I wake from a bad dream. Taking in my surroundings, I relax knowing that I'm only in bed. My clothes are damp from night sweats.
I check my closet for something dry. My head pounds from my alarming pulse.
After so many years of having the same dream, my body reacts as if it's the first time. I swish down some painkillers and check the time.
4:25.
I pull the covers over my head. My breathing becomes rhythmic, and my plush pillows are putting me under until I hear a groan. I listen intently for the noise to return, but after a few minutes of silence I doze off once again. And then it comes back.
I leave my warm carpeted room and enter the cold wooden hallway. My hands feel up the dark hall until I find where the sound's coming from. It leads me to Angie's room. I make sure that my grandmother's room light is off before I crack open the door.
I close it quietly and the mumbling becomes clearer. My eyes focus in the dark. Angie thrashes her head around on the bed.
I thought she was staying at a friend's house. She's been gone a lot this past week. I've had to lie about feeling sick to convince my grandma to let me stay home. We haven't talked since that night at the beach. Whenever she tried to, I made it clear that I wasn't interested.
I shake her shoulders and her eyes fling open. She pushes my chest hard, sending me on my back.
"Get off of me!" she yells.
Rug burns form on my palms. She sits up, breathing sharply for air.
Ang has bad dreams more often than I do, but we never talk about them. Not since we were little girls, anyway. I haven't had one in months, and as far as I know she hasn't had hers in a while either. But here we are, both unable to sleep. Unable to outrun our nightmares.
I don't always find her like this. Maybe five times total. First time she's ever pushed me though.
"Rose?" She lingers on me for a moment. Soon, tears splatter the blanket in heavy taps, like rain against a window.
I'm stunned when her face crumbles. I haven't seen her cry this hard since the funeral.
Our mothers passed away in a car wreck when I was five and she was six. We've been living with our grandma since. Their caskets still haunt me, but Ang was in the car the day it happened. You can't unsee that, even with years of therapy. The anniversary of their death is coming up, and it must be getting to her. When we were younger, she felt sad about her mom never seeing her milestones. Though the same is true for me, it doesn't get to me as much as it does her.
Feelings aside, she needs me right now. I get up and climb in beside her. She's wailing into her hands, sitting crisscross. I wrap my arms around her tightly. She leans into my lap slowly, and then punches the bed. It startles me, but I stay calm and let her have her outburst. I hum to nothing in particular and play in her hair, twisting a long curl around my fingers. Her shoulders rise and fall with every quick breath.
"She won't ever..." She doesn't finish it.
"I'm sorry. I miss them too, but we still have each other and grandma."
When her cries persist I hush her, afraid she'll wake our grandmother. This seems to go on for twenty minutes, maybe. It's a cycle. She calms down, and then suddenly throws a pillow or punches the bed like before.
Just when I think it's going to last all night, she snores. I lift her head from my lap and replace my presence with a pillow. The bed squeaks when I move, but her snoring only continues. I return to the comfort of my own room as quietly as possible. In my bathroom I wash away tears.

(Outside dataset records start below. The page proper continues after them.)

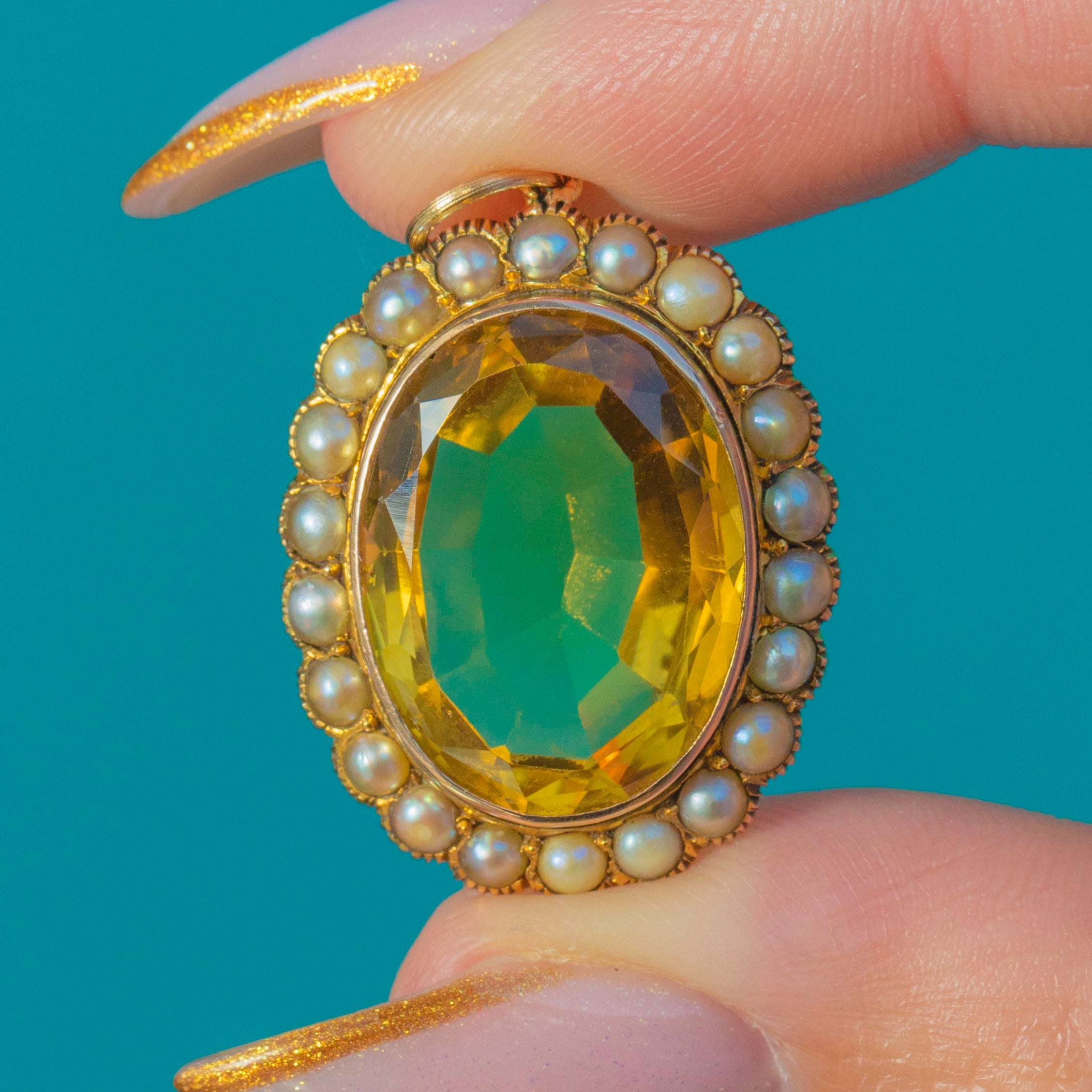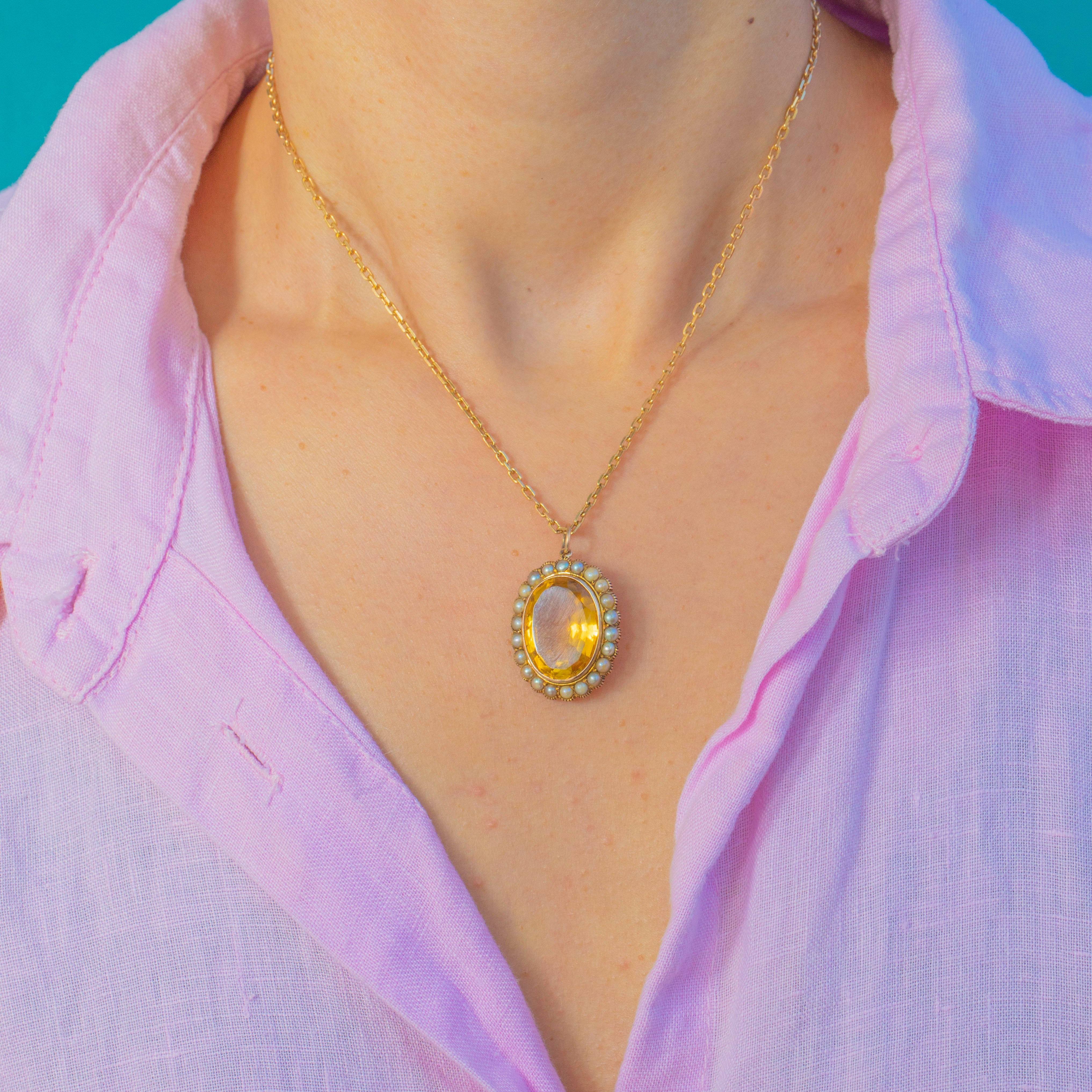 This gorgeous antique pendant centres on a rich golden Citrine in a classic oval cut, surrounded by a sweet halo of creamy Pearls. The 10.40ct Citrine is beautifully proportioned and full of life, creating a wonderfully luxurious look on the neckline.
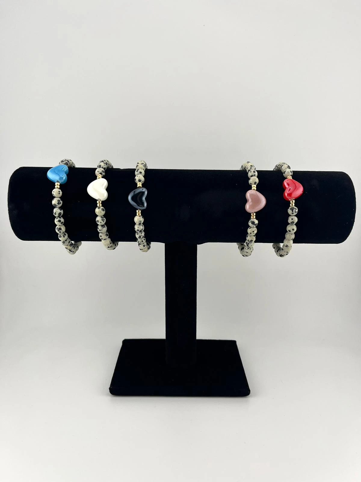 BRANSOLETKA Z JASPISU DALMATYŃSKIEGO Z PORCELANOWYM SERCEM
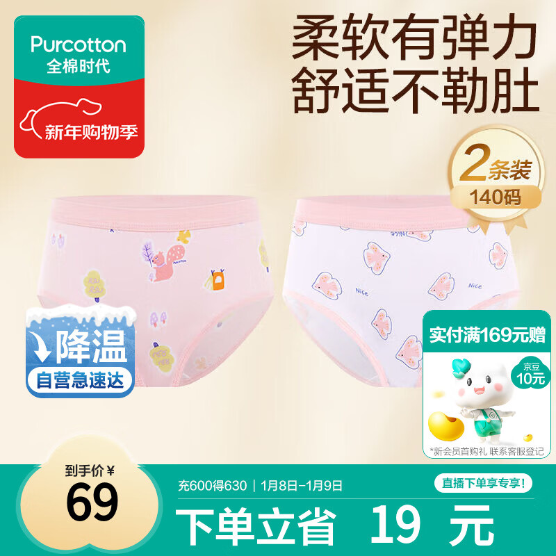 全棉时代儿童内裤女童平角裤宝宝全棉中大童内裤 松鼠+小鸟 140cm
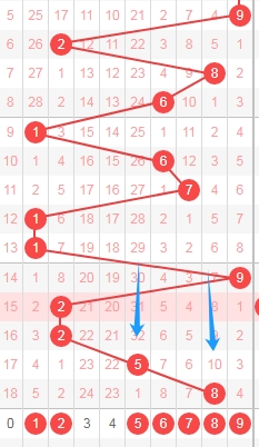 上图是体彩七星彩从左到右定位第五位数字,我标注出来的数字都是遗漏周期小的数字,我标注出来的蓝色箭头表示遗漏周期,上期开出数字5遗漏周期是7期,上上次开出数字2遗漏周期是10期,那么本期可以关注出遗漏周期小的数字124589,个人最看好数字12489。
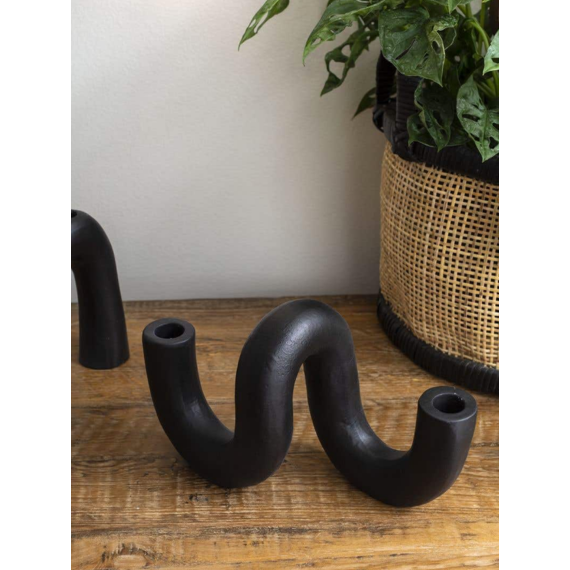 The curled silhouette of the Xavier Candle Holder is finished with a texture that leaves every piece unique. Each end of the tube is left open and is designed to hold a taper candle.
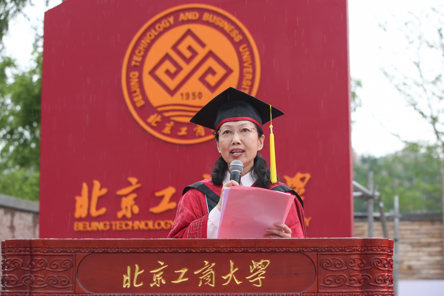 黨委常委、副校長鄭文紅宣讀《北京工商大學關于2021屆本科生畢業及學士學位授予的決定》。
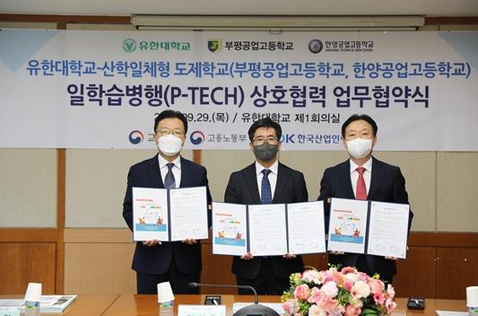 유한대학교(총장 김현중)는 고숙련 일학습병행(P-TECH)사업 활성화를 위해 29일 부평공업고등학교, 한양공업고등학교와 유재라관 2층 회의실에서 업무협약을 체결했다.
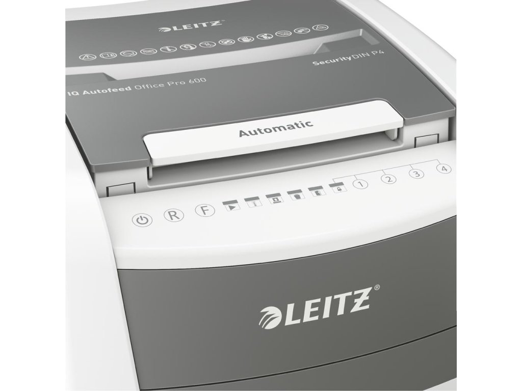 Plnoautomatická skartovačka na papier od firmy Leitz s jedinečnou čistou vyprázdňovacou funkciou. Je taká inteligentná, že potichu pracuje sama, len vložíte stoh papiera (vrátane kancelárskych sponiek a sponiek do zošívačky), zatvoríte veko a môžete ísť za svojou robotou. Ideálna na každodenné používanie v kancelárii. Dôveryhodná a vysokovýkonná skartovačka s funkciou proti zaseknutiu papiera, tichá a s prvotriedne dlhou dobou prevádzky (240 minút). Automaticky skartuje 600 hárkov A4 na úrovni zabezpečenia P-4 (4 × 28 mm) s krížovým rezom do veľkého 110l koša. Jednoduché ovládanie pomocou dotykových prvkov.
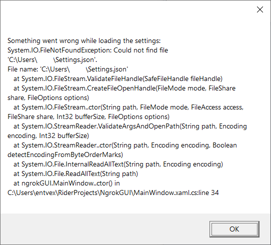 Starting ngrokGUI.exe works fine like normal, but when starting it from cmd it throws an error instead. It's the only time it throws this error and doesn't want to open.
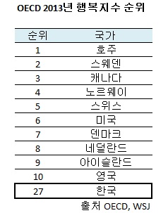 한국이 경제협력개발기구(OECD)가 세계 선진국 36국을 대상으로 집계한 ‘2013년 행복지수(Better Life Index)’에서 하위권인 27위에 그쳤다고 28일(현지시간) 월스트리트저널(WSJ)이 보도했다.
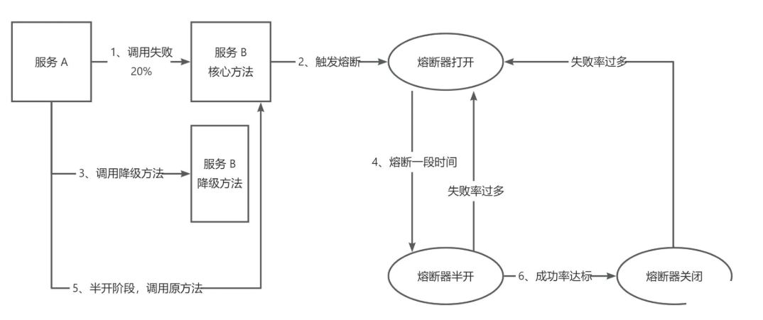 这类似于电路中的断路器,当检测到异常,熔断器会自动切断对故障服务的调用,防止问题扩大。
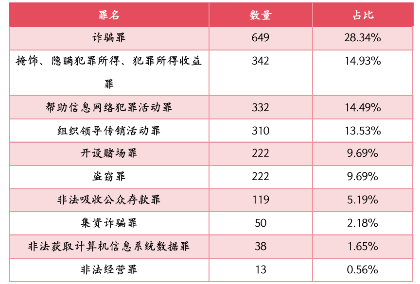 从涉虚拟货币刑事案件的案由来看,涉虚拟货币犯罪广泛分布于妨害社会管理秩序罪、侵犯财产罪和破坏社会主义市场经济秩序罪等领域,主要涉及诈骗罪、掩饰隐瞒犯罪所得、犯罪所得收益罪、组织领导传销活动罪、开设赌场罪、盗窃罪、非法吸收公众存款罪、集资诈骗罪、非法获取计算机信息系统数据罪、非法经营罪、洗钱罪等多个罪名。

My eyes are bloodshot from crying and exhaustion. I rub my cheeks mindlessly. A few months ago, I broke out and for some odd reason my acne has to be symmetrical. My confidence was low until my face cleared up and the scars faded to the point of everyone just assuming them to be freckles. Now, I receive compliments for them. Even Angie calls them freckles, but I know that she actually thinks that they've always been there.
I laugh so hard the small gap between my two front teeth show.
I'm comforting her, being her shoulder to cry on, and yet she pays so little attention to me that she actually thinks I have freckles! I run my fingers over them once more.
Am I pathetic? Why do I care so much? Yes, we were close before, but that was then and this is now. We aren't little girls anymore. No more pigging out over pizza and sharing each other's secrets. Now we skip most dinners together, and the only secrets I ever hear are rumors about her around school. But I can't help but see the path she's heading down, and feel obligated to pull her from the edge.
Would she do it for you?
I don't know.
Then don't do it for her.
If only it were that simple.
I flick off the light, and get into bed. I think about skipping the dramatics like Ben said, and it makes me feel weightless. Free, even. Like the clouds. I hold onto it until the morning. That's when all of my dreams end.